Webhooks can also be used to receive file uploads. FastAPI provides the ability to handle multipart/form-data requests.

from fastapi import File, UploadFile, Form

@plugin.mount_webhook_method(endpoint="/upload_report", name="Upload Report")
async def handle_report_upload(
    request: Request,
    report_file: UploadFile = File(...), # "report_file" is the form field name
    report_name: str = Form(...),      # "report_name" is also the form field name
    target_chat: str = Form(...)
):
    core.logger.info(f"Received file upload: {report_file.filename} (type: {report_file.content_type}), report name: {report_name}")

    # Verify file type, size, etc. (recommended)
    if not report_file.content_type.startswith("text/"):
        raise HTTPException(status_code=400, detail="Only text file uploads are supported.")

    # Read file content
    contents = await report_file.read() # bytes
    report_text = contents.decode('utf-8')

    # Process file content, for example, save to plugin directory or send to user
    # plugin_data_path = plugin.get_plugin_path() / "uploads"
    # plugin_data_path.mkdir(exist_ok=True)
    # async with aiofiles.open(plugin_data_path / report_file.filename, "wb") as f:
    #     await f.write(contents)

    await notify_chat(target_chat, f"Received new report '{report_name}' ({report_file.filename}). Content summary:\n{report_text[:200]}...")

    return {"status": "success", "filename": report_file.filename, "size": len(contents)}

Asynchronous Task Processing (Important)

Although FastAPI will asynchronously execute (await) your async def Webhook handler, this only means the handler itself will not block other operations of the server. The HTTP client will still wait for the handler to complete all its internal operations (including the await parts) before receiving a response. Therefore, if the Webhook handler contains time-consuming operations that should not delay responses to external systems (such as calling multiple external APIs, processing large data, complex computational tasks), it is strongly recommended to put these specific operations into background tasks for execution.

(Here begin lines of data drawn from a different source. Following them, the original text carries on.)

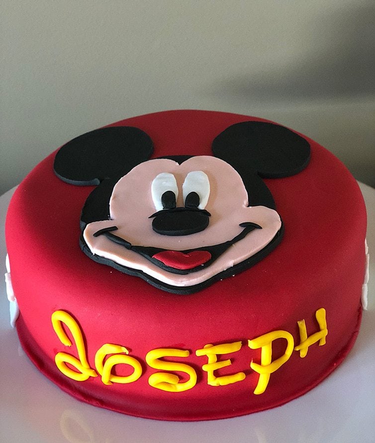 This was an easy choice once we decided on a Mickey Mouse theme for the party! I scoured Pinterest for some ideas, and since we only needed one round cake and not a tiered cake, I kept the design simple and did a Mickey face and then did Joseph’s name in the iconic Disney font on the front of the cake. Around the sides I did white Mickey ears, and that was that!
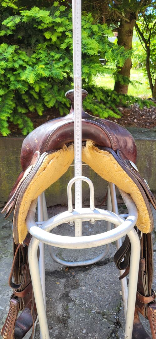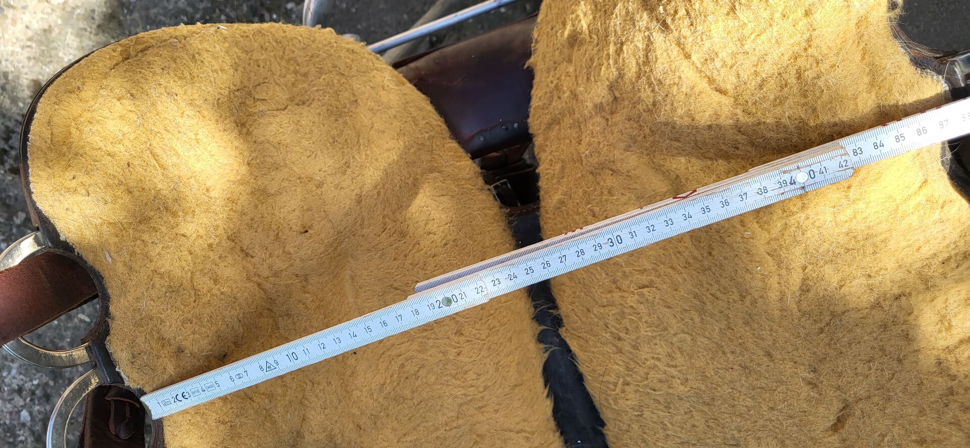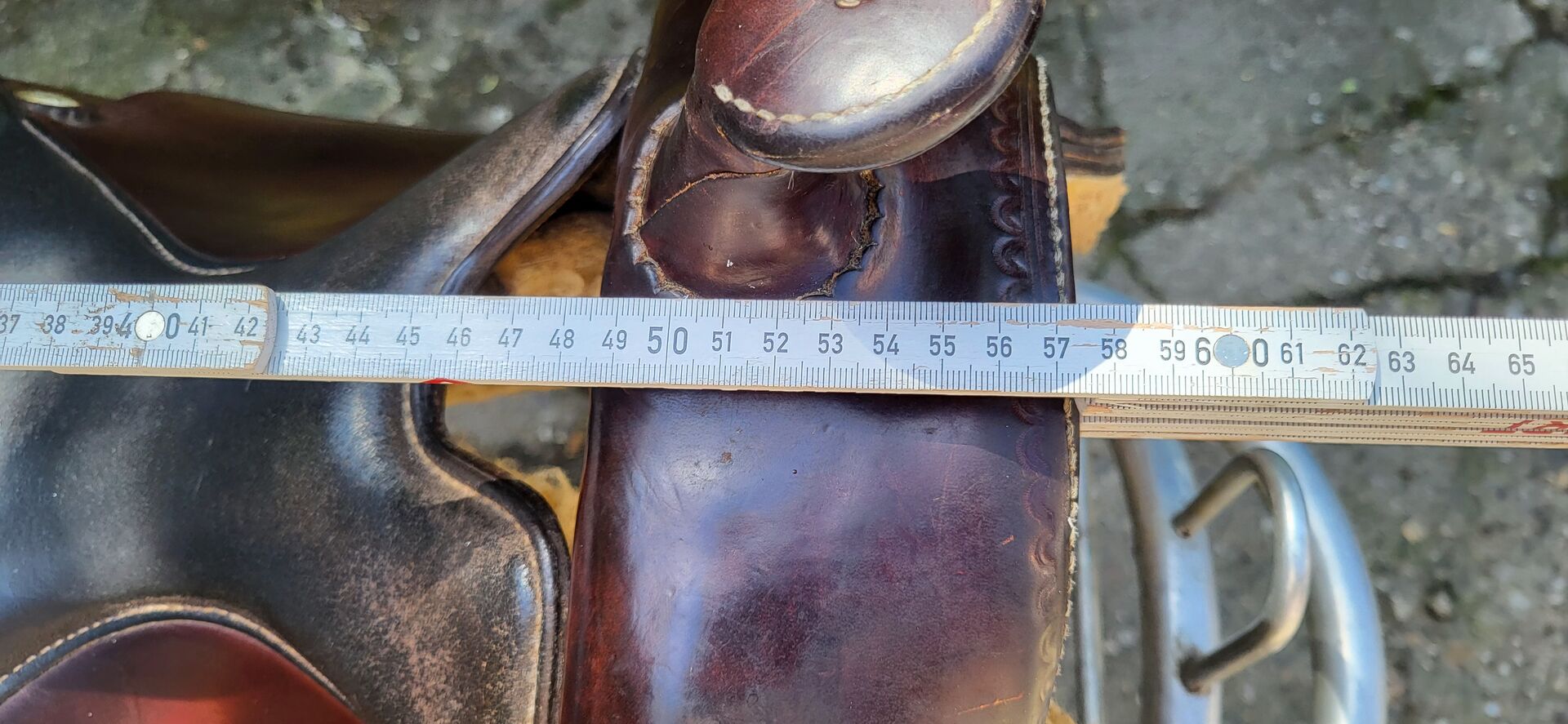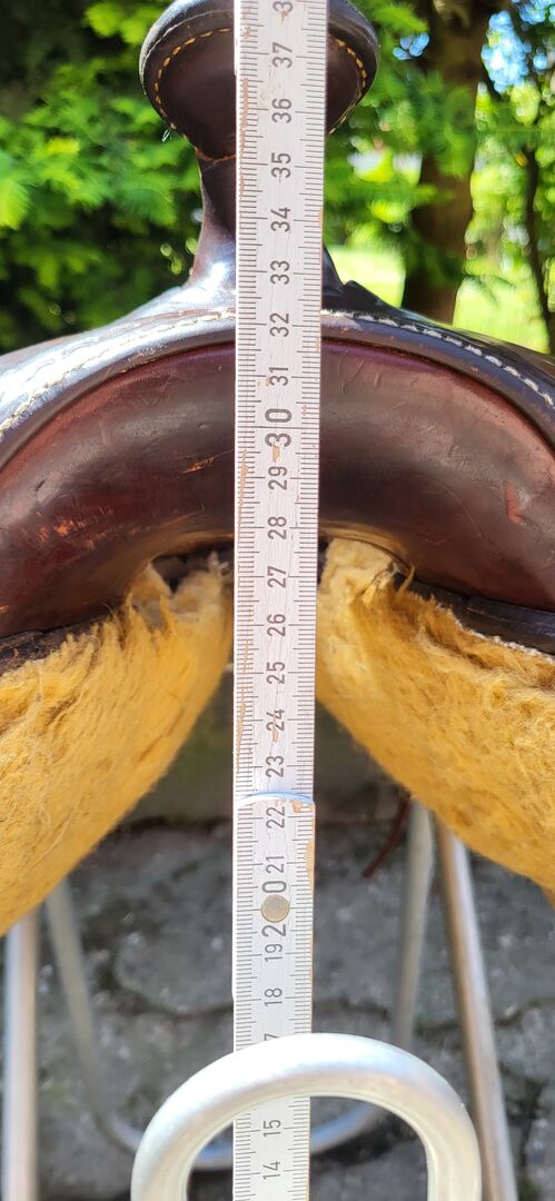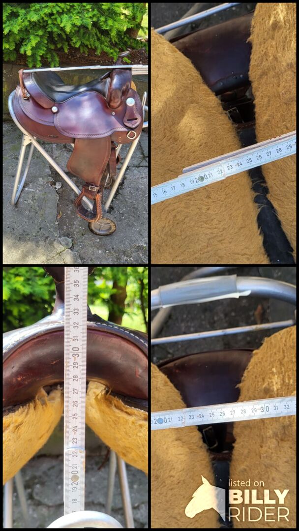Sitzgröße 15,5", super bequem, nah am Pferd. Roundscirt mit Strings auf dem Backjockey, ausgedrehte Fender
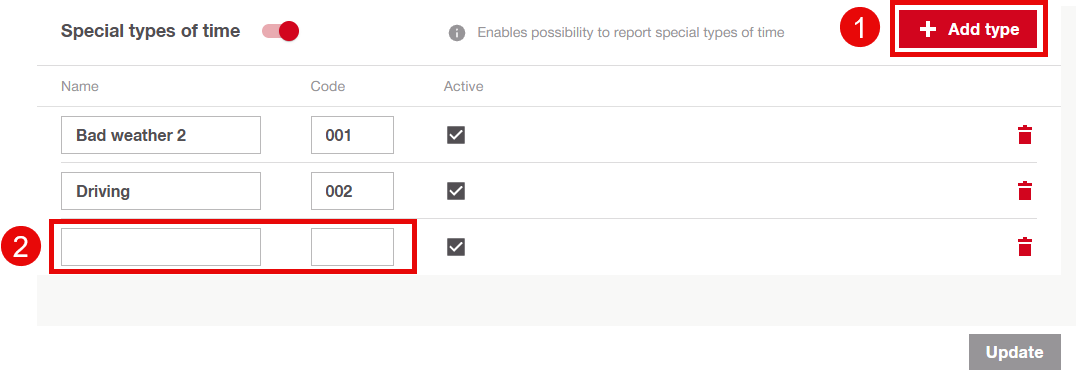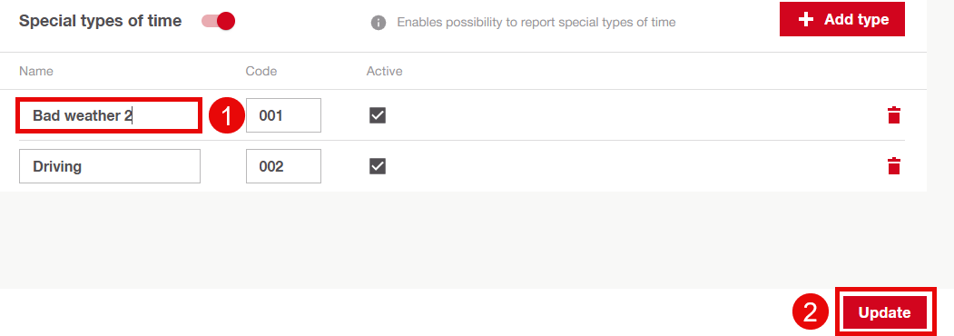 To edit an existing special time type, the user can modify its Name and/or Code. When changes are detected, the Update button will appear. Click Update to save the changes.
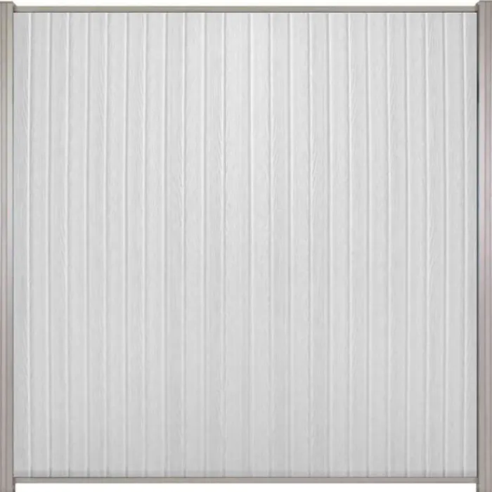 C-Wood zelfbouw schutting composiet Rhombus Double wit met blank aluminium accesoires. Met deze bundel kun je een verticale schutting bouwen circa 170 cm breed en 180 cm hoog.
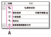 [相机/麦克风]和[设置]菜单有子类别。选择子类别图标以便您可以选择所需的菜单项目。
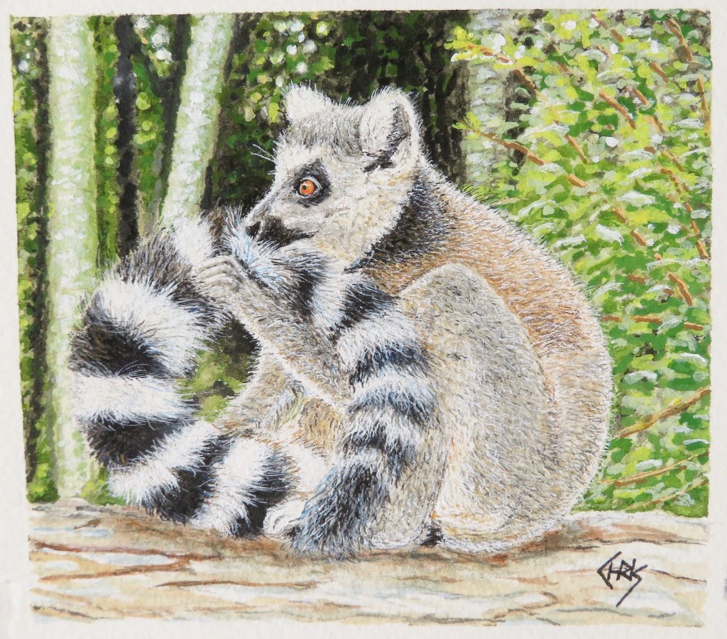 This was definitely an all day painting and I don’t think that I could ever paint a Lemur with this much detail and expression again. So I’m thinking that this will be my last Lemur painting and absolutely love it to bits.
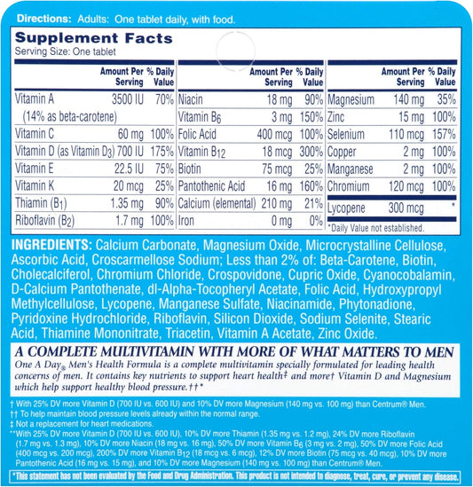 Men's Daily Multivitamin with Vitamins A, C, E, B1, B2, B6, B12, Calcium & D - 60 Count

This ensures the plugin quickly confirms to the external system that the Webhook has been received (for example, returning 202 Accepted), while actual processing happens in the background.

Python's asyncio.create_task() or similar mechanisms (such as Celery, RQ, etc., if integrated in the project) can be used for this purpose.

import asyncio

async def long_running_process(data: dict, chat_to_notify: str):
    core.logger.info(f"Starting time-consuming task: {data.get('task_id')}")
    await asyncio.sleep(10) # Simulate time-consuming operation
    result_message = f"Task {data.get('task_id')} processing completed. Result is: XXXX"
    await notify_chat(chat_to_notify, result_message)
    core.logger.info(f"Time-consuming task {data.get('task_id')} completed and notified.")

@plugin.mount_webhook_method(endpoint="/start_job", name="Start Long Job")
async def start_job_webhook(request: Request):
    payload = await request.json()
    task_id = payload.get("task_id", "unknown_task")
    chat_key = payload.get("notify_chat_key") # Assume payload contains notification target

    if not chat_key:
        return {"status": "error", "message": "notify_chat_key not provided"}, 400

    # Create and start background task without waiting for its completion
    asyncio.create_task(long_running_process({"task_id": task_id, **payload}, chat_key))

    core.logger.info(f"Created background handler for task {task_id}.")
    return {"status": "accepted", "task_id": task_id, "message": "Job received and being processed in background."}, 202 # Return 202 Accepted

Through reasonable use of Webhooks, your plugin can greatly expand Nekro Agent's ability to connect with the outside world.